What is expected ::
Starting at the first line of the data and ending at the line with "四川省统计局党组副书记、副局", copy each line exactly. Include both of those lines, but no pictures.
======== Data section
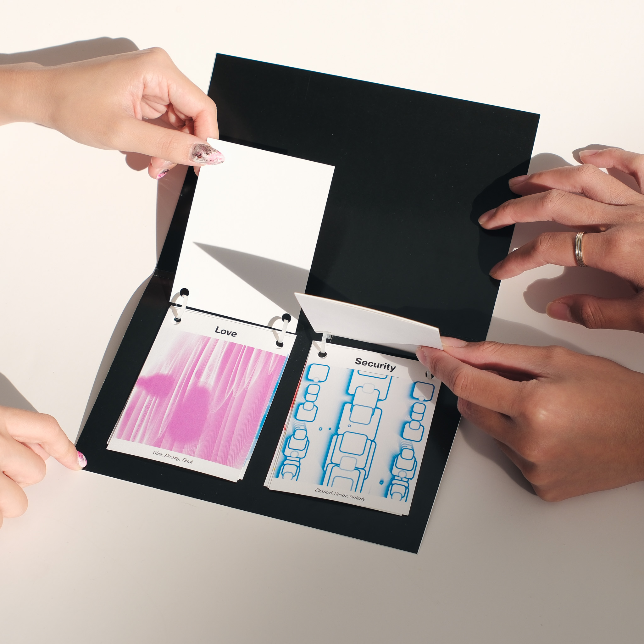 It was an initial struggle to find a binding method for the two mini booklets into the book cover. We ultimately decided to use zip ties to bind the book due to its flexibility and thread it through the mini booklets with carefully placed circular cut outs.
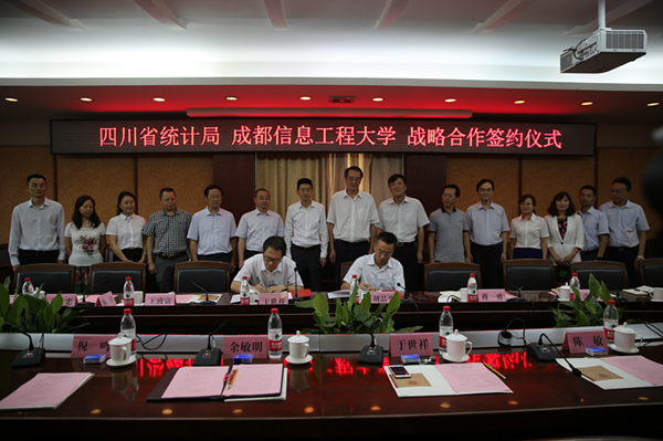 四川省统计局党组副书记、副局长胡品生与学校副校长于世祥分别代表四川省统计局和成都信息工程大学在战略合作协议上签字。
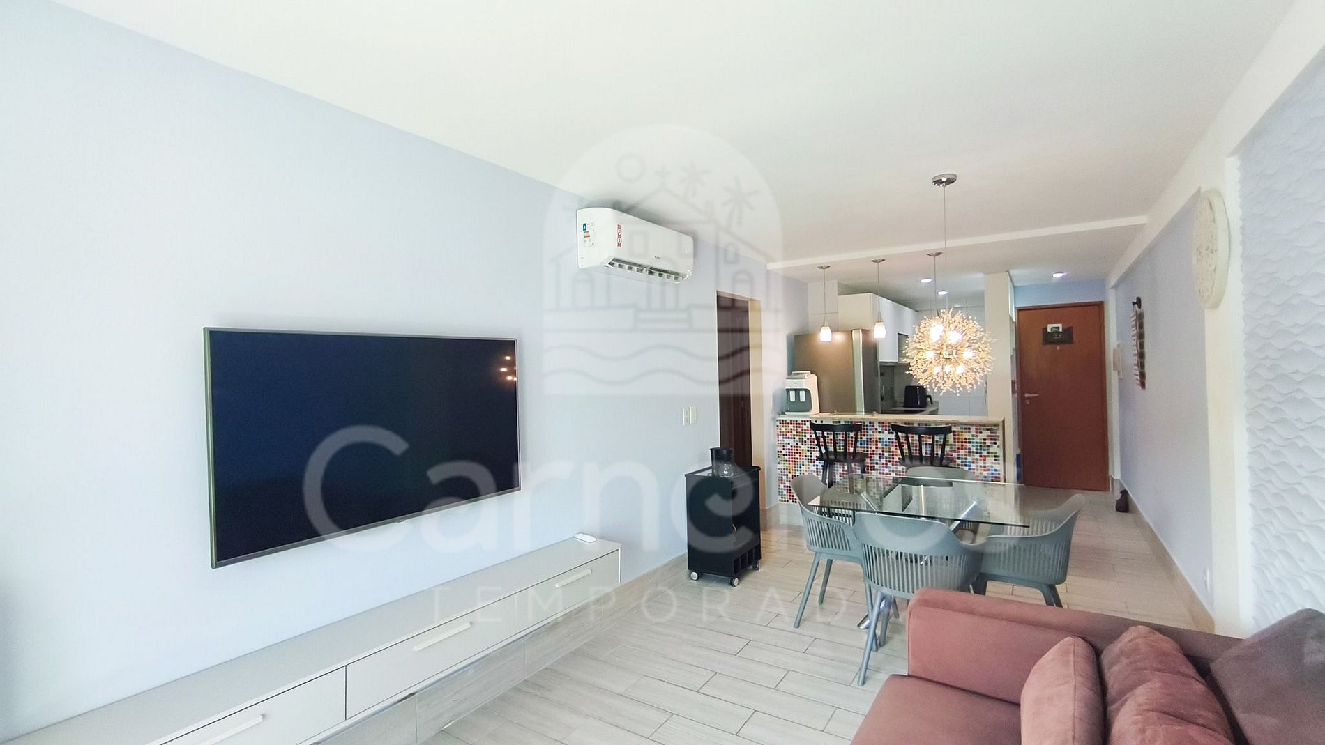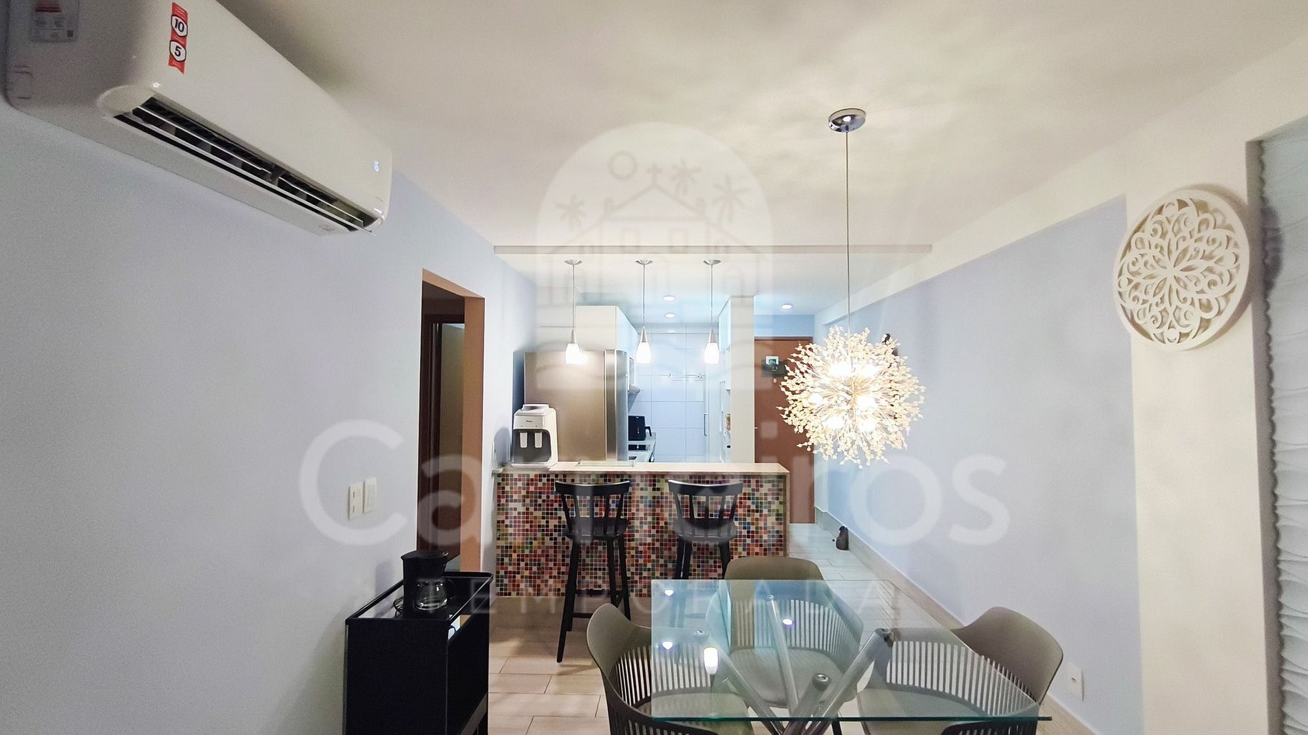 ✹ O flat se encontra no primeiro andar do prédio. Possui vista para as piscinas e varanda gourmet ✹A sala de estar conta com uma linda decoração aconchegante, TV, sofá e ar-condicionado. A cozinha é completa e equipada com geladeira, micro-ondas, fogão, forno, liquidificador, sanduicheira, airfryer e outros utensílios, além da mesa de jantar. Possui 02 banheiros completos e proteção (tela) na varanda e janelas.
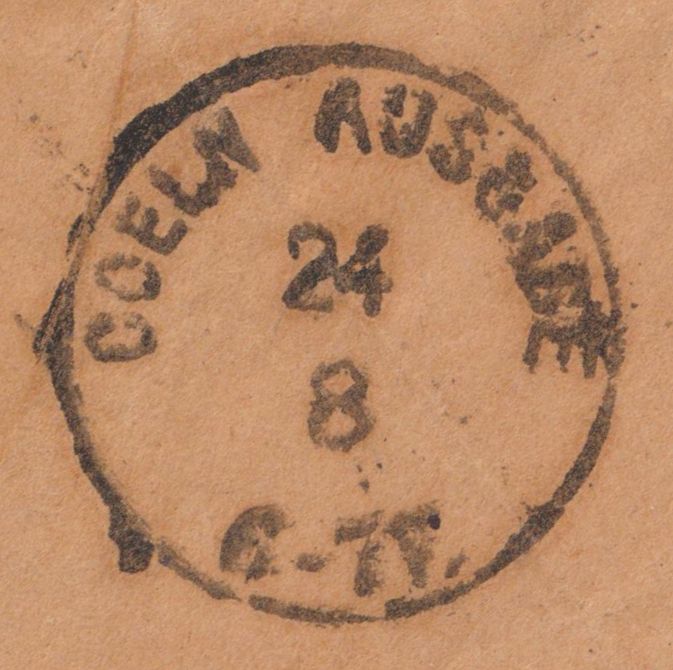 Die stimmt bis auf das Stempeldatum, denn das war nicht der 28.08., sondern der 23.08., wozu dann auch der am 24.08. rückseitig abgeschlagene nachverwendete preussische Kreisstempel "COELN AUSGABE" zeitlich passt!
================
Finished exercise ::
 It was an initial struggle to find a binding method for the two mini booklets into the book cover. We ultimately decided to use zip ties to bind the book due to its flexibility and thread it through the mini booklets with carefully placed circular cut outs.
 四川省统计局党组副书记、副局长胡品生与学校副校长于世祥分别代表四川省统计局和成都信息工程大学在战略合作协议上签字。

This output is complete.